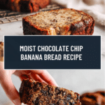 Keywords: banana bread, chocolate chip banana bread, easy banana bread recipe, moist banana bread, homemade banana bread, baking recipe, chocolate chips, snack, breakfast
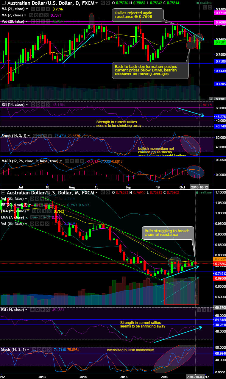 Consequently, although today’s rallies look quite attractive, we could foresee the upside potential up to the next strong resistance at 0.7596 mark (i.e. 21DMA), which means upward travel of another 20-30 pips maximum can be possible as we see the shrinking buying momentum on leading oscillators.
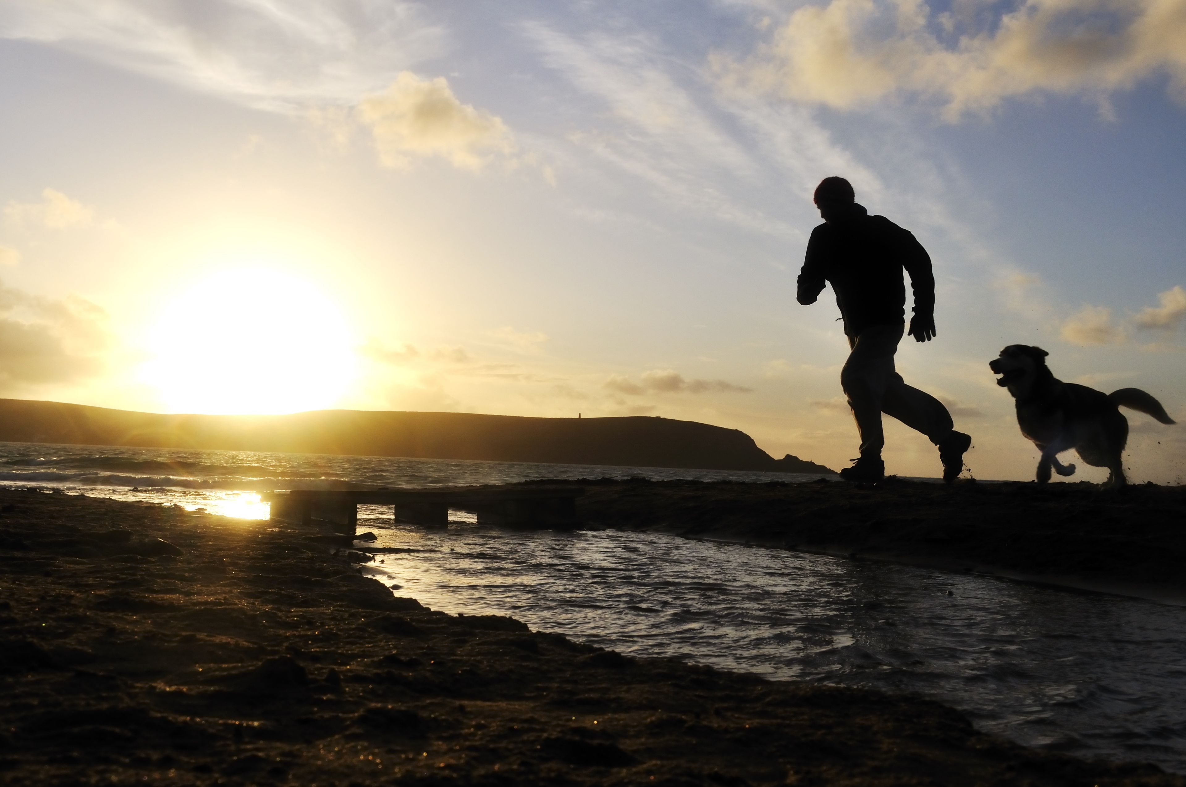 Corretea delante del hombre. El hombre lleva en su mano la cadena con que lo

-- What is expected --
Each line of the data must be restated exactly, and the pictures must be left out.

-- Exercise response --
 Keywords: banana bread, chocolate chip banana bread, easy banana bread recipe, moist banana bread, homemade banana bread, baking recipe, chocolate chips, snack, breakfast
 Consequently, although today’s rallies look quite attractive, we could foresee the upside potential up to the next strong resistance at 0.7596 mark (i.e. 21DMA), which means upward travel of another 20-30 pips maximum can be possible as we see the shrinking buying momentum on leading oscillators.
 Corretea delante del hombre. El hombre lleva en su mano la cadena con que lo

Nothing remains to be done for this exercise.